Stored items:
---*---

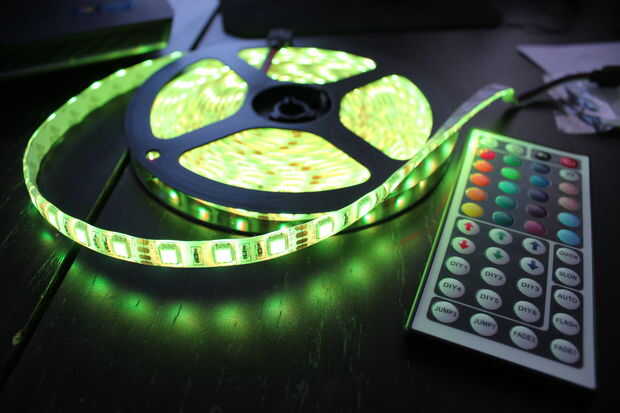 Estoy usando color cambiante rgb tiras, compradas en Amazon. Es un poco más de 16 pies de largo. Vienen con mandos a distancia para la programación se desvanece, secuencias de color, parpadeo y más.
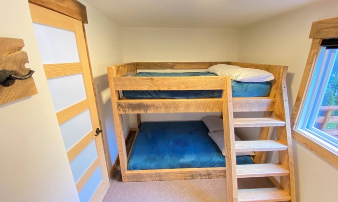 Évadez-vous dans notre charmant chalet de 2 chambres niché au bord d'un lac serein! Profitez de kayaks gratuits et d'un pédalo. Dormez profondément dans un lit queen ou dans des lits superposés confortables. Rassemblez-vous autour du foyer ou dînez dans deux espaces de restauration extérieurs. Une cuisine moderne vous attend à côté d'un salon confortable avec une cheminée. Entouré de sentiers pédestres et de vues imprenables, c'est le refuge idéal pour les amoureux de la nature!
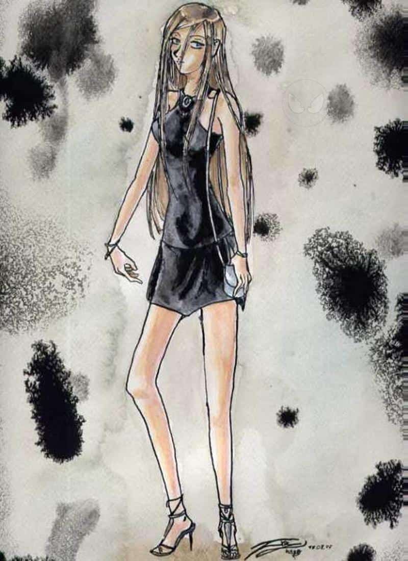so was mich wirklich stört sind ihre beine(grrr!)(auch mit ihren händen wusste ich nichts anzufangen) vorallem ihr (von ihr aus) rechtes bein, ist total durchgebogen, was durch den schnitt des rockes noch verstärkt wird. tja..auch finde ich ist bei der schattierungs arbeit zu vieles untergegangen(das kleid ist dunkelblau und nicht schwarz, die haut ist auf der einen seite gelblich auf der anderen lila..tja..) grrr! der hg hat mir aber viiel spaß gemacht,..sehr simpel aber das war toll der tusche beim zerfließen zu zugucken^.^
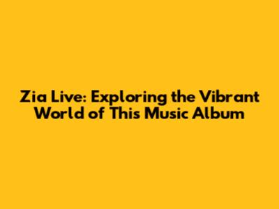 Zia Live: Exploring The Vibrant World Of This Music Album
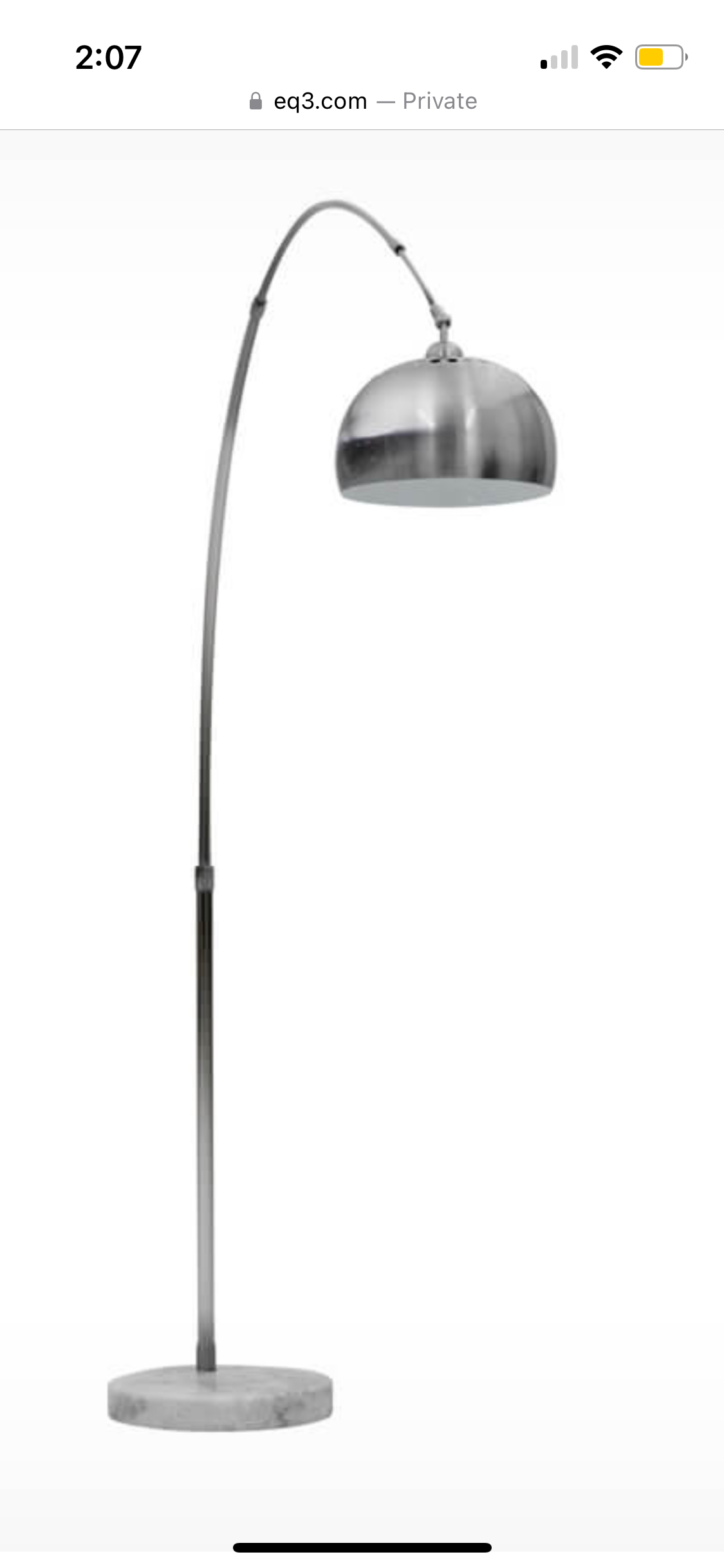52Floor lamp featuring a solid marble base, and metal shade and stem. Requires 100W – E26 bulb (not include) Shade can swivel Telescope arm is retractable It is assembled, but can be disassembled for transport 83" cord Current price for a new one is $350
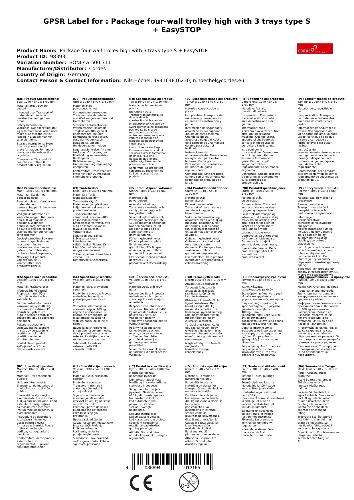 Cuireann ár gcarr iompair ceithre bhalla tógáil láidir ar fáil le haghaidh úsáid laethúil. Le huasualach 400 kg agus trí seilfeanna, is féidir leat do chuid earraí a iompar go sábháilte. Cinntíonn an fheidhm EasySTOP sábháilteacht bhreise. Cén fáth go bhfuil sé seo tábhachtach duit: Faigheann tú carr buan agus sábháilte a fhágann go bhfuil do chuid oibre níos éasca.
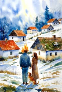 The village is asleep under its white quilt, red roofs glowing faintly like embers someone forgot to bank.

---*---

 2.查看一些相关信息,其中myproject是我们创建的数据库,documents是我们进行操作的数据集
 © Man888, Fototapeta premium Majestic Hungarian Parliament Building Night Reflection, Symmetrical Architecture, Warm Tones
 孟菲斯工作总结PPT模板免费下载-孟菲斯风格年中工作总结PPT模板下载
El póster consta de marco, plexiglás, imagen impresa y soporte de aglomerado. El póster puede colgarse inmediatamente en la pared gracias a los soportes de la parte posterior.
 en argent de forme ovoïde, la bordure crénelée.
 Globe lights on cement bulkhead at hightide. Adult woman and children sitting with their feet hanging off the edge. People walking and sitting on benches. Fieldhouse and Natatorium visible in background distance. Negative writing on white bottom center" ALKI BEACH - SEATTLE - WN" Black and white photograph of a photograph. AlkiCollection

---*---

_DESCRIPTION OF THE TASK:_ Keep to the lines above from the line with "Estoy usando color" to the line with "Cuireann ár gcarr", and set down exactly those, inclusive, with nothing else and every picture left out.

_EXPECTED ANSWER:_
 Estoy usando color cambiante rgb tiras, compradas en Amazon. Es un poco más de 16 pies de largo. Vienen con mandos a distancia para la programación se desvanece, secuencias de color, parpadeo y más.
 Évadez-vous dans notre charmant chalet de 2 chambres niché au bord d'un lac serein! Profitez de kayaks gratuits et d'un pédalo. Dormez profondément dans un lit queen ou dans des lits superposés confortables. Rassemblez-vous autour du foyer ou dînez dans deux espaces de restauration extérieurs. Une cuisine moderne vous attend à côté d'un salon confortable avec une cheminée. Entouré de sentiers pédestres et de vues imprenables, c'est le refuge idéal pour les amoureux de la nature!
so was mich wirklich stört sind ihre beine(grrr!)(auch mit ihren händen wusste ich nichts anzufangen) vorallem ihr (von ihr aus) rechtes bein, ist total durchgebogen, was durch den schnitt des rockes noch verstärkt wird. tja..auch finde ich ist bei der schattierungs arbeit zu vieles untergegangen(das kleid ist dunkelblau und nicht schwarz, die haut ist auf der einen seite gelblich auf der anderen lila..tja..) grrr! der hg hat mir aber viiel spaß gemacht,..sehr simpel aber das war toll der tusche beim zerfließen zu zugucken^.^
 Zia Live: Exploring The Vibrant World Of This Music Album
52Floor lamp featuring a solid marble base, and metal shade and stem. Requires 100W – E26 bulb (not include) Shade can swivel Telescope arm is retractable It is assembled, but can be disassembled for transport 83" cord Current price for a new one is $350
 Cuireann ár gcarr iompair ceithre bhalla tógáil láidir ar fáil le haghaidh úsáid laethúil. Le huasualach 400 kg agus trí seilfeanna, is féidir leat do chuid earraí a iompar go sábháilte. Cinntíonn an fheidhm EasySTOP sábháilteacht bhreise. Cén fáth go bhfuil sé seo tábhachtach duit: Faigheann tú carr buan agus sábháilte a fhágann go bhfuil do chuid oibre níos éasca.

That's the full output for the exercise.